Historic site in Alipostivan, Albania

The Teqe of Baba Ali (Teqeja e Baba Aliut), or Teqe of Baba Abdullah, is a Bektashi tekke in the village of Alipostivan, Qendër Piskovë, Përmet municipality, Albania. It sits upon a hill overlooking the Vjosa valley and the Nemërçka mountain, and the name of Alipostivan itself is said to derive from Ali, post i vendit ("Ali, sheepskin-sitter of the place"). The tekke of Baba Ali is known for the preservation and development of Bektashi traditions, particularly in spreading Bektashism to the Deshnica area and along the border villages of Skrapar. Historically, it has cooperated closely with the tekke in Frashër.

==History==

The tekke is said to have been founded initially around 1767, but the site may possibly be older due to the presence of ancient ruins, which most probably sat upon an old trade route from Skrapar to Përmet. The tekke was re-founded by Baba Ali in 1857 or 1860. It was again re-founded in 1903 by Baba Abdullah, who was originally from the tekke of Konica and whose tomb is located within the tekke.
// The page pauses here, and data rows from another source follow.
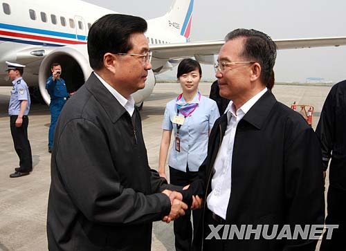 5月16日,中共中央總書記、國家主席、中央軍委主席胡錦濤乘飛機抵達四川綿陽,慰問災區(qū)干部群眾,看望抗震救災一線的部隊官兵和醫(yī)護人員。國務院總理溫家寶到機場迎接胡錦濤。 新華社記者鞠鵬攝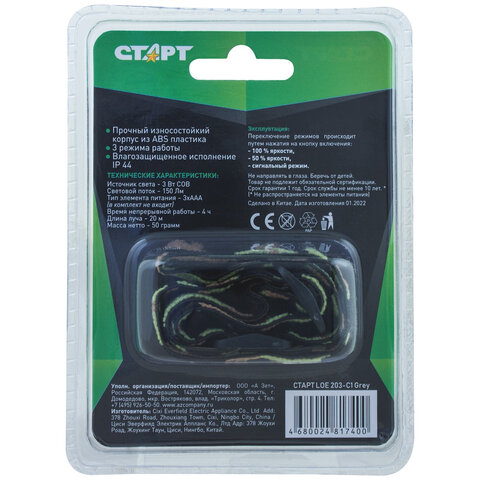 Модель LOE 203-C1 от компании СТАРТ относится к разновидности налобных фонарей – удобно надевается на голову при помощи мягкого и широкого резинового ремешка. Яркая LED-лампа позволяет освещать путь на расстоянии 20 метров.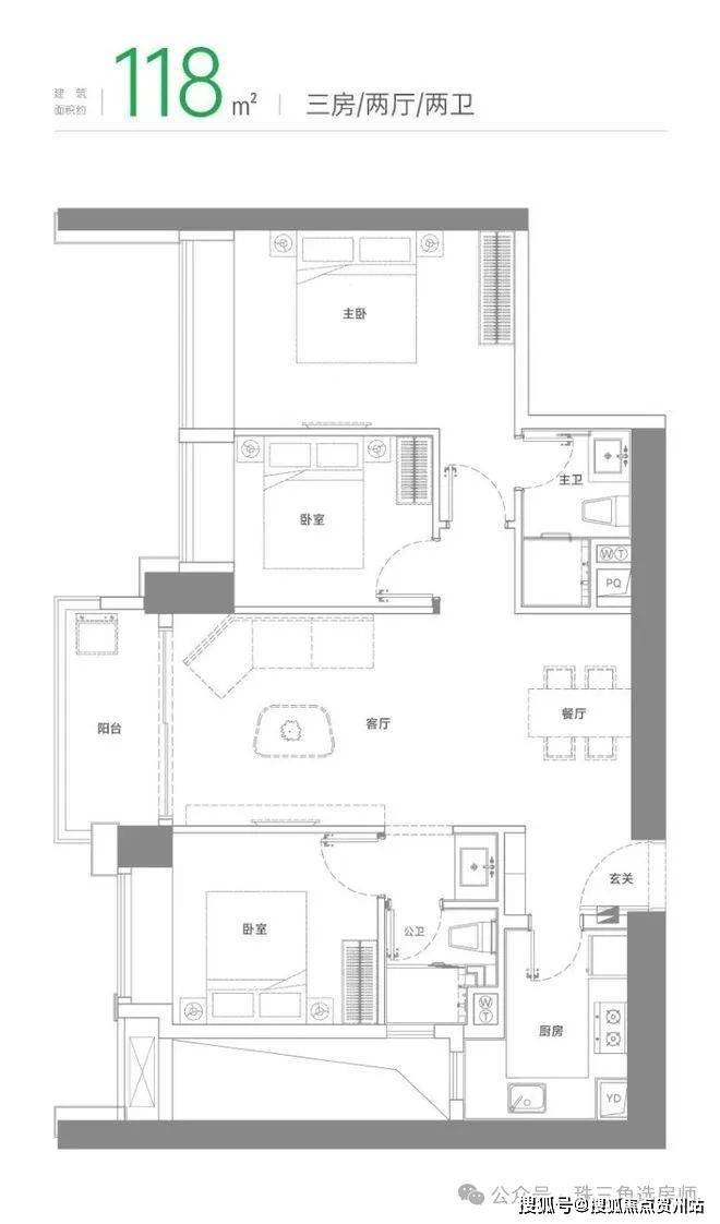 建面约118㎡三房两厅两卫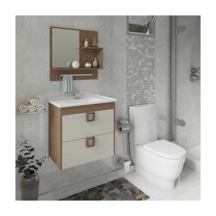 Gabinete De Banheiro 100% Mdf Lirio 59 Cm Com Espelho Amendoa/Off White - Mgm Armário para banheiro suspenso com espelheira, uma porta basculante e abertura com pistão à gás, uma gaveta com corrediça telescópica, espelheira com duas prateleiras e toalheiro em alumínio, puxadores em ABS, estrutura 100% MDF, amplo espaço interno, lavatório 100% mármore sintético com mais durabilidade e resistência. Não acompanha torneira. Dimensões do Produto: Altura: 56 cm Largura: 59 cm Profundidade: 35,5 cm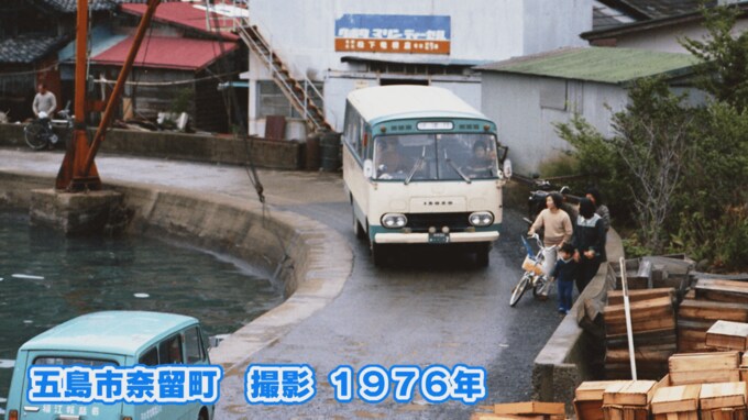 1976年、長崎県五島市奈留町で撮影されたものです。こちらも道路のすぐ脇、向かって左側は海です。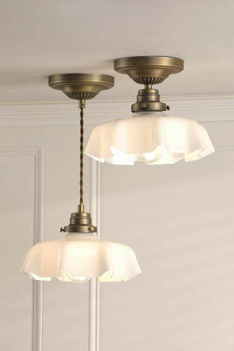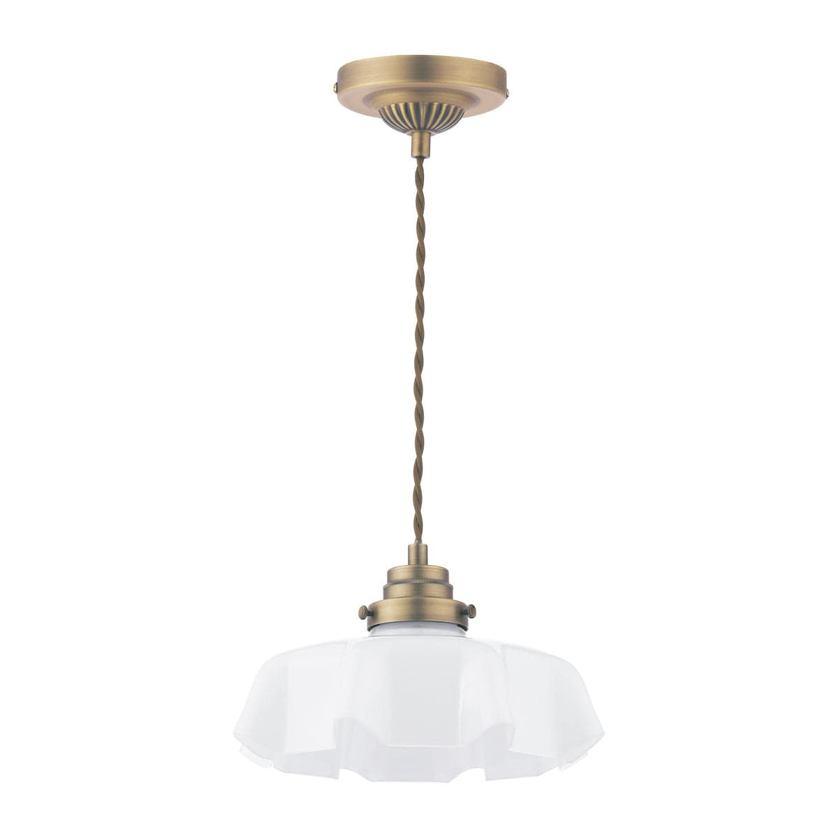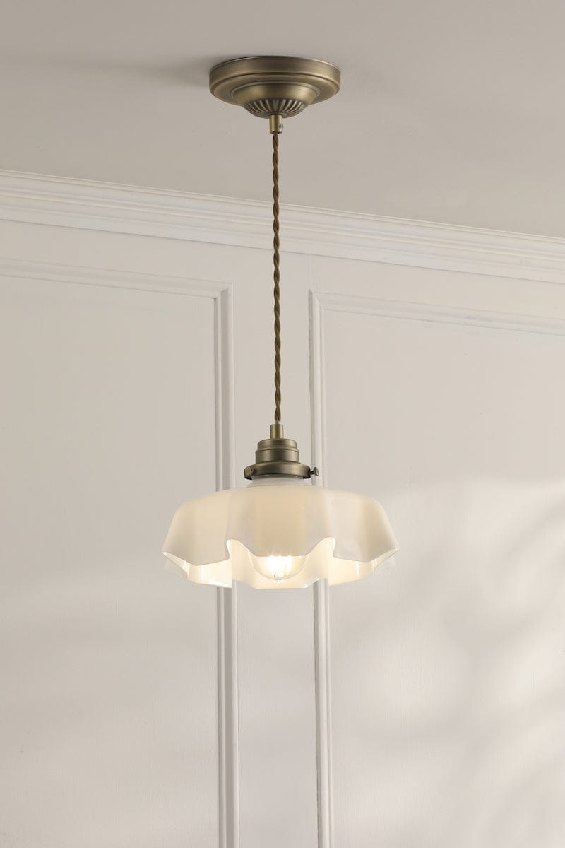 Transform this classic white glass and antique brass ceiling light into a perfect fit for any room in your home. Install the adjustable Banham pendant light with its twisted cord and intricate ceiling rose for a beautiful, well-lit space.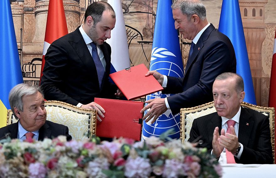އދ. މަޖިލީހާއި ތުރުކީ ވިލާތުގެ ބައިވެރިވުމާއި މެދުވެރިވުން މުހިންމު ދައުރެއް އަދާކޮށްގެން، މިއަހަރުގެ ޖުލައި މަހުގެ ކުރީކޮޅު، ހަތަރު މަސްދުވަހަށް ގާއިމުކުރި އެއްބަސްވުމުގެ މުއްދަތު މިއަންނަ ހޮނިހިރު ދުވަހު ހަމަވާނެ އެވެ. މުއްދަތު ހަމަވުމުގެ ކުރިން، އެ އެއްބަސްވުން ދަމަހައްޓަން ރަޝިޔާ އިން އެއްބަސްވީ، އދ.ގެ ސެކްރެޓަރީ ޖެނެރަލް އެންޓޯނިއޯ ގުޓަރޭސް އާއި ތުރުކީ ވިލާތުގެ ރައީސް ރަޖަބް ތައްޔިބު އުރުދުޣާން، ރަޝިޔާގެ އިސް ވެރިންނާ އެކުގައި ދުވަސްތަކެއް ވަންދެން މަޝްވަރާ ކުރެއްވުމަށް ފަހުގަ އެވެ.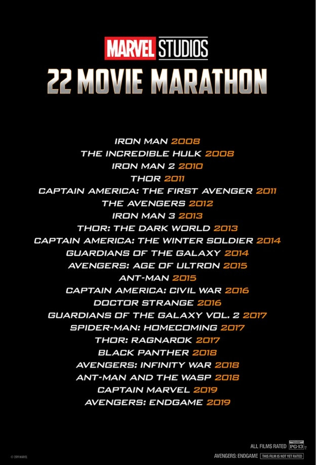 Các rạp chiếu phim Mỹ đã nhìn thấy nguồn lợi khổng lồ từ vũ trụ điện ảnh Marvel. Thậm chí, cụm rạp AMC đã quyết định chiếu liền toàn bộ 22 bộ phim từ trước đến nay của MCU. Chỉ cần trả 90 đô la (hơn 2 triệu VNĐ), khán giả sẽ được trải nghiệm 57 tiếng đồng hồ xem phim liên tục.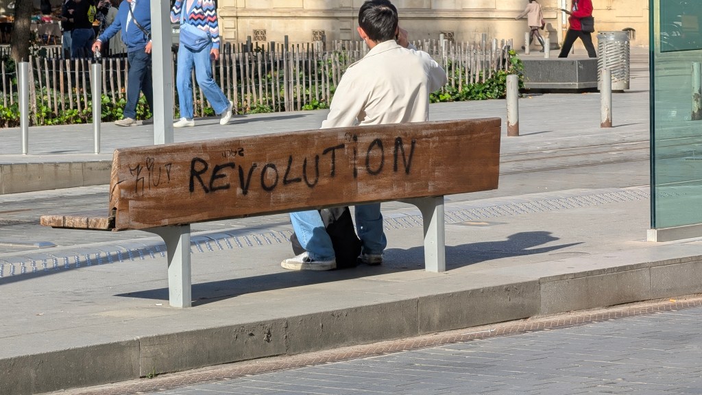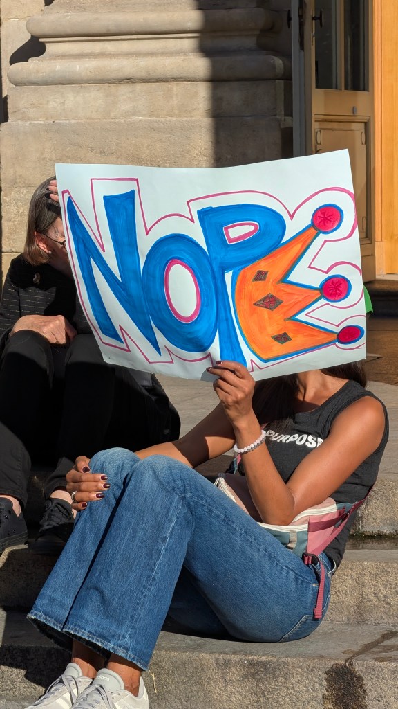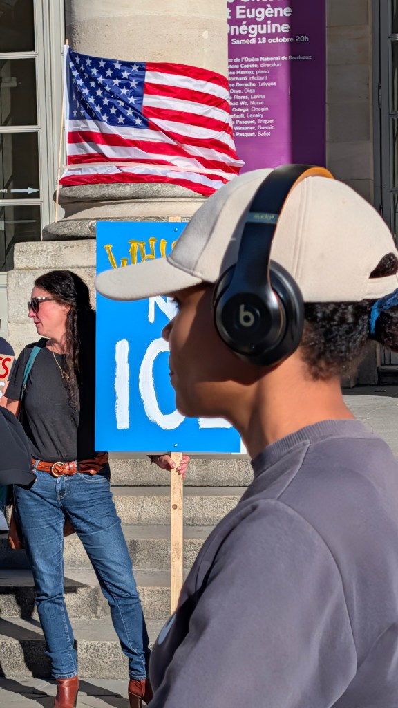 Once we returned to Place de la Comédie, we realized that it was a “No Kings” protest day in the U.S., and several expats were displaying signs in front of the opera house.

Baba Abdullah and Baba Dule Përmeti were supporters and participants of the Albanian National Awakening, particularly in regards to the Albanian language during 1908–1909. Greek andartes burnt down the tekke in 1914, but it was rebuilt in 1920. On 14th–17 January 1921, the tekke was represented by Baba Meleq at the First National Congress of the Bektashi. In 1923, it was visited by Margaret Hasluck, who encountered one baba and three dervishes. It was closed in 1967 during the Communist period, due to the Albanian communist party's crackdown on religion, and torn down by the surrounding villagers. Reconstruction began in 1997, and the tekke reopened in May 2003.

==Pilgrimage==
In the past and the present, the tekke of Alipostivan has been an important site of pilgrimage for the Albanian Bektashis, due to the fact that Abdullah Baba —considered by many in the region to be a Bektashi saint —was buried and is still venerated here. Many men in the region still bear the first name Abdullah. The Bektashi villagers of Kosinë gather at the tekke of Alipostivan for prayer, particularly on the feast of Novruz.